BEGIN Working data

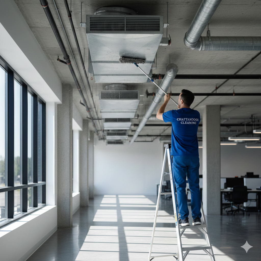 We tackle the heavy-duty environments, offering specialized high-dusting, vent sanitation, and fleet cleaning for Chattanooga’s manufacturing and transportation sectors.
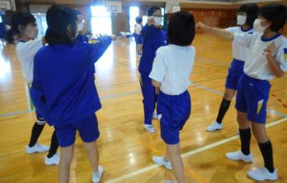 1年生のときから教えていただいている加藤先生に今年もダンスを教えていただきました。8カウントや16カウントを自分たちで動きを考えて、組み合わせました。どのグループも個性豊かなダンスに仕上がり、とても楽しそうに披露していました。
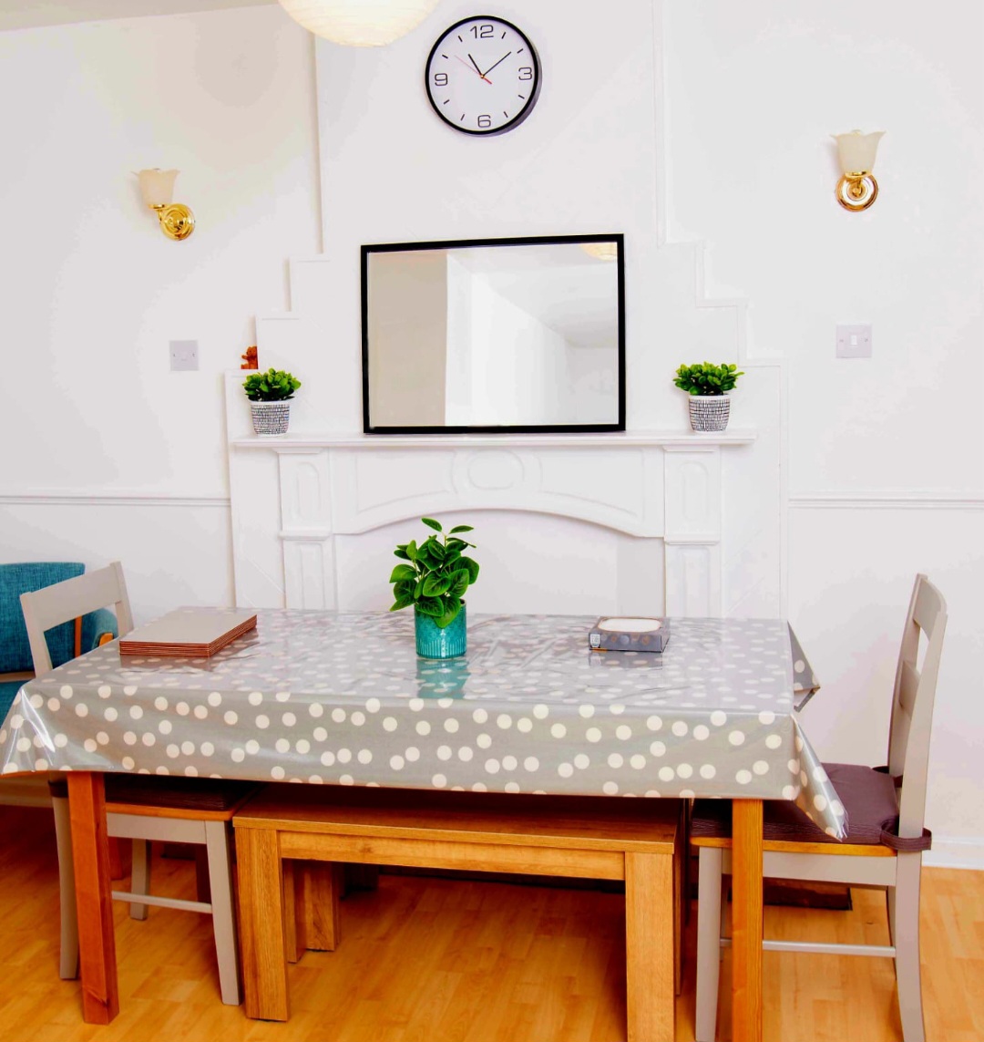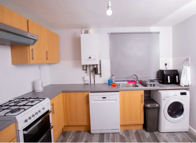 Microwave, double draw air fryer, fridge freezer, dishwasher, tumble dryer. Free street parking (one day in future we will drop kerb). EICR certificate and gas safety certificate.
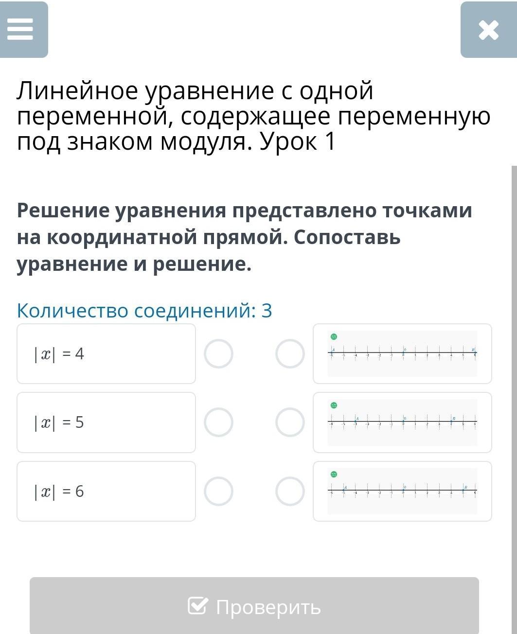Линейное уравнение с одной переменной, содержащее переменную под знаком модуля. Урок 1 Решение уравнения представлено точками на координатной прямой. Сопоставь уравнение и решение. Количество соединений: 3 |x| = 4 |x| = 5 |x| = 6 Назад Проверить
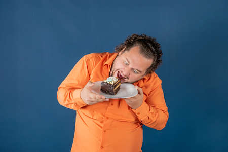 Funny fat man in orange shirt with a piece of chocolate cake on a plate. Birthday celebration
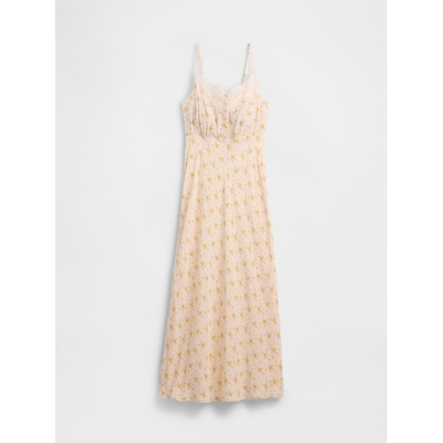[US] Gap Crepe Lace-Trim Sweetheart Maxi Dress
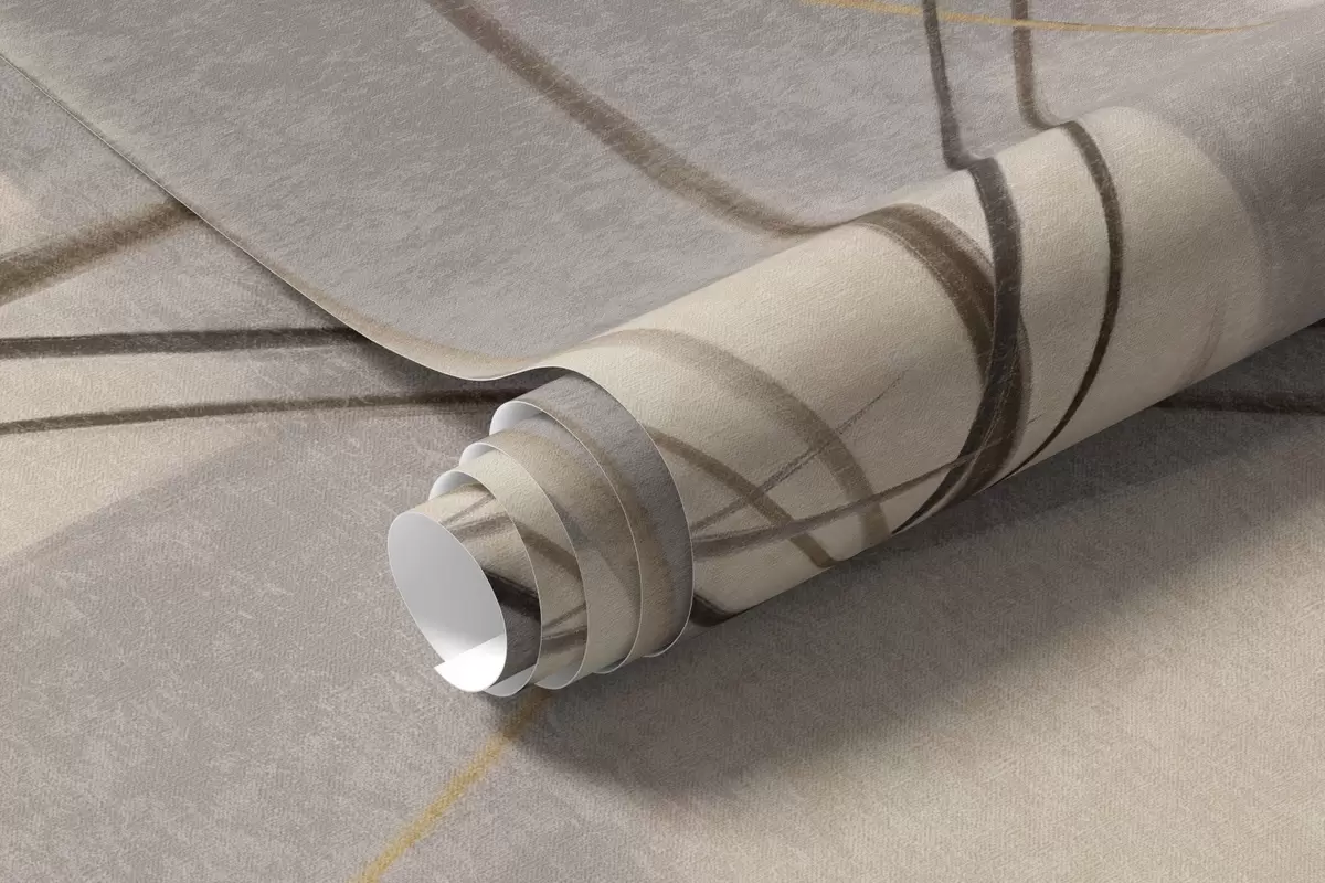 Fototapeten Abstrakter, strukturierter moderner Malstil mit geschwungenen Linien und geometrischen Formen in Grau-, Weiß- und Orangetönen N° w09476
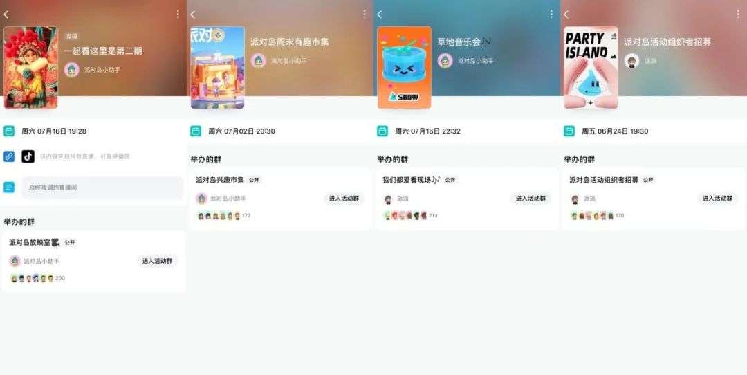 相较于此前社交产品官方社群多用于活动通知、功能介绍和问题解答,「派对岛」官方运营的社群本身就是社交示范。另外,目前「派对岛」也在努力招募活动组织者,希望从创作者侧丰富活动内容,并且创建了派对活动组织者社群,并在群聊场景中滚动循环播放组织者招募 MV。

END Working data
BEGIN Working data

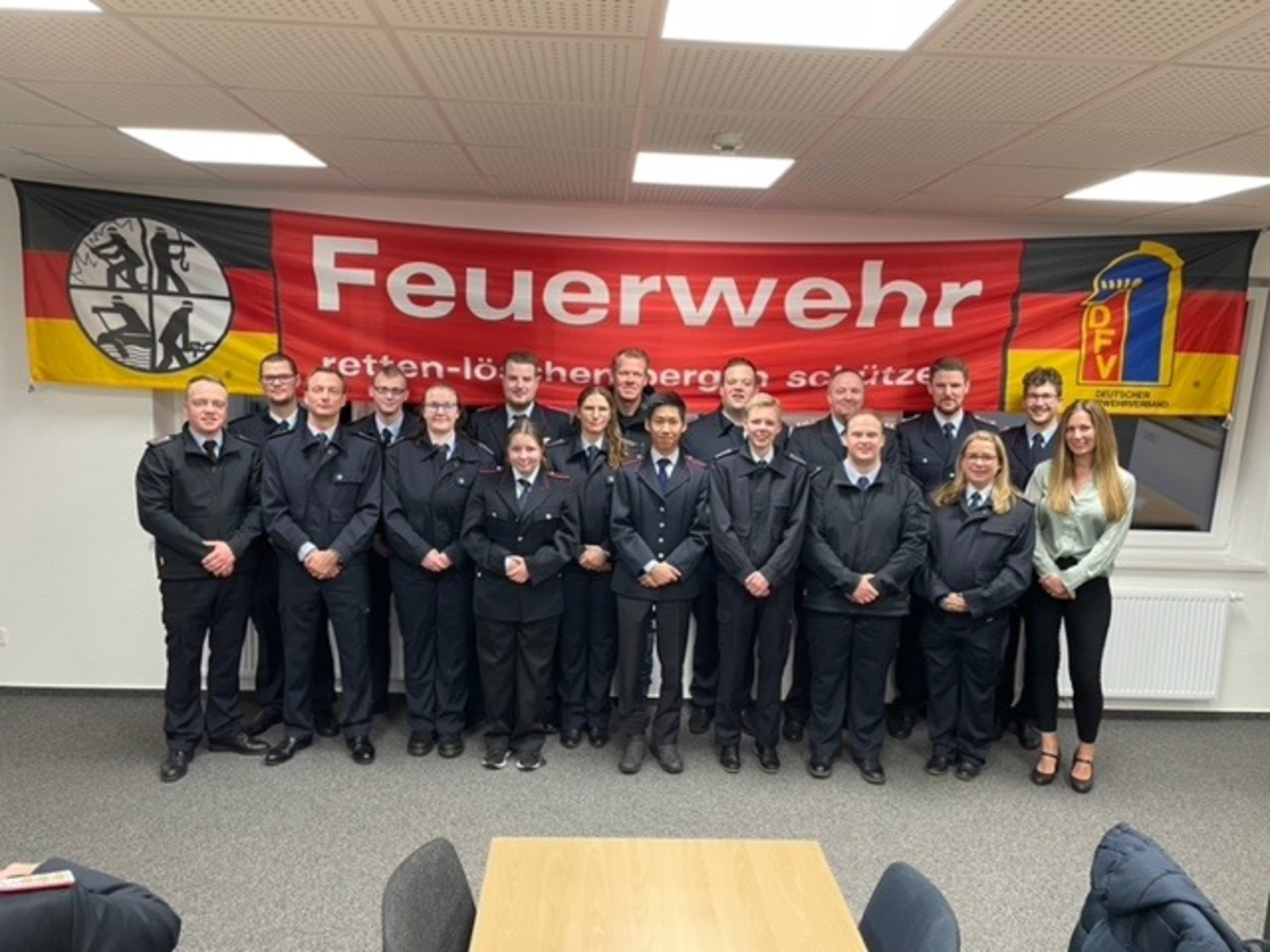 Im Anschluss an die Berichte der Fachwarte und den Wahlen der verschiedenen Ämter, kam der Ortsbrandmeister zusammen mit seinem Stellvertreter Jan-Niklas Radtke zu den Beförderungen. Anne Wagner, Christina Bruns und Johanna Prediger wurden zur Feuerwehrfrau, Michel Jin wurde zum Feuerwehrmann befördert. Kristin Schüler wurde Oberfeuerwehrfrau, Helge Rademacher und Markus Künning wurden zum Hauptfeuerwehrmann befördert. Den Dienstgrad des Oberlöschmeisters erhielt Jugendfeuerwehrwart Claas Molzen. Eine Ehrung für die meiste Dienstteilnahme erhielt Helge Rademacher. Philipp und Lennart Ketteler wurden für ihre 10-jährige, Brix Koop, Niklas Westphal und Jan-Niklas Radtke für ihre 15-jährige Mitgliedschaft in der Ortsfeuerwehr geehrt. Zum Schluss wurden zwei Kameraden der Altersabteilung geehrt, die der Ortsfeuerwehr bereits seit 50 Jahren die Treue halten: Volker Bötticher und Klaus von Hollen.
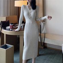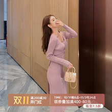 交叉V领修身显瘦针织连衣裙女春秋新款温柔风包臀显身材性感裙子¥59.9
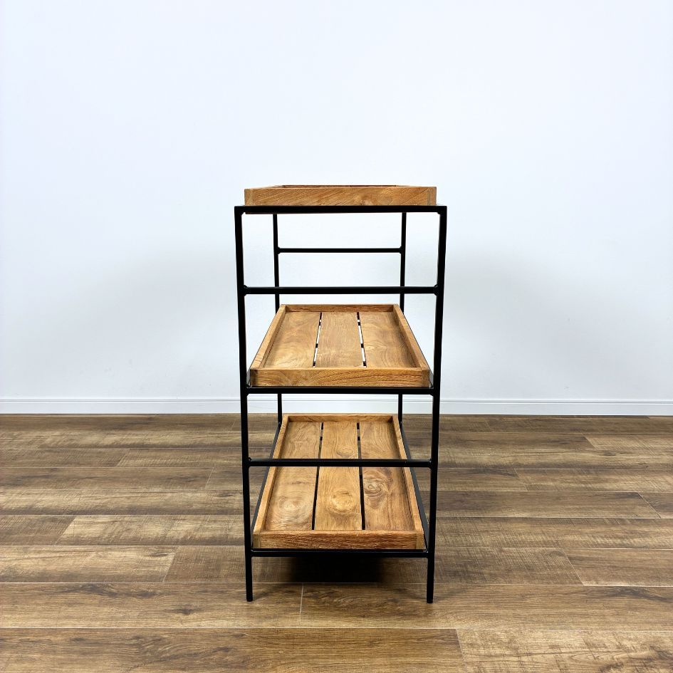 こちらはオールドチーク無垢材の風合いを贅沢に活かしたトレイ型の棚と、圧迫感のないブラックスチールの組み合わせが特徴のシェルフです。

END Working data
BEGIN Working data

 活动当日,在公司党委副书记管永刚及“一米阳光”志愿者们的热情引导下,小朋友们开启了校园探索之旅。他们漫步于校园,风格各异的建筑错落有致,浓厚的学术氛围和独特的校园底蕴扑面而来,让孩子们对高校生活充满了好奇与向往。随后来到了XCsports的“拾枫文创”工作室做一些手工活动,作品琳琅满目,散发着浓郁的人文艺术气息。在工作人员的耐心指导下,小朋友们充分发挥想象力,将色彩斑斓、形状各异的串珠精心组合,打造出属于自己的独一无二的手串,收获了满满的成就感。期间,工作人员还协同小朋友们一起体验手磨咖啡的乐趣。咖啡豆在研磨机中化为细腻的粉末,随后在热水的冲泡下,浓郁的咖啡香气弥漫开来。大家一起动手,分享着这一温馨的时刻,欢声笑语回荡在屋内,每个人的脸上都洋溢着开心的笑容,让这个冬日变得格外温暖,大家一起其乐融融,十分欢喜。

END Working data

What to work on: Word for word, repeat the lines above from the one with "Fototapeten Abstrakter, strukturierter" through the one with "相较于此前社交产品官方社群多", and nothing beyond them. Omit the pictures.

Task response:
 Fototapeten Abstrakter, strukturierter moderner Malstil mit geschwungenen Linien und geometrischen Formen in Grau-, Weiß- und Orangetönen N° w09476
 相较于此前社交产品官方社群多用于活动通知、功能介绍和问题解答,「派对岛」官方运营的社群本身就是社交示范。另外,目前「派对岛」也在努力招募活动组织者,希望从创作者侧丰富活动内容,并且创建了派对活动组织者社群,并在群聊场景中滚动循环播放组织者招募 MV。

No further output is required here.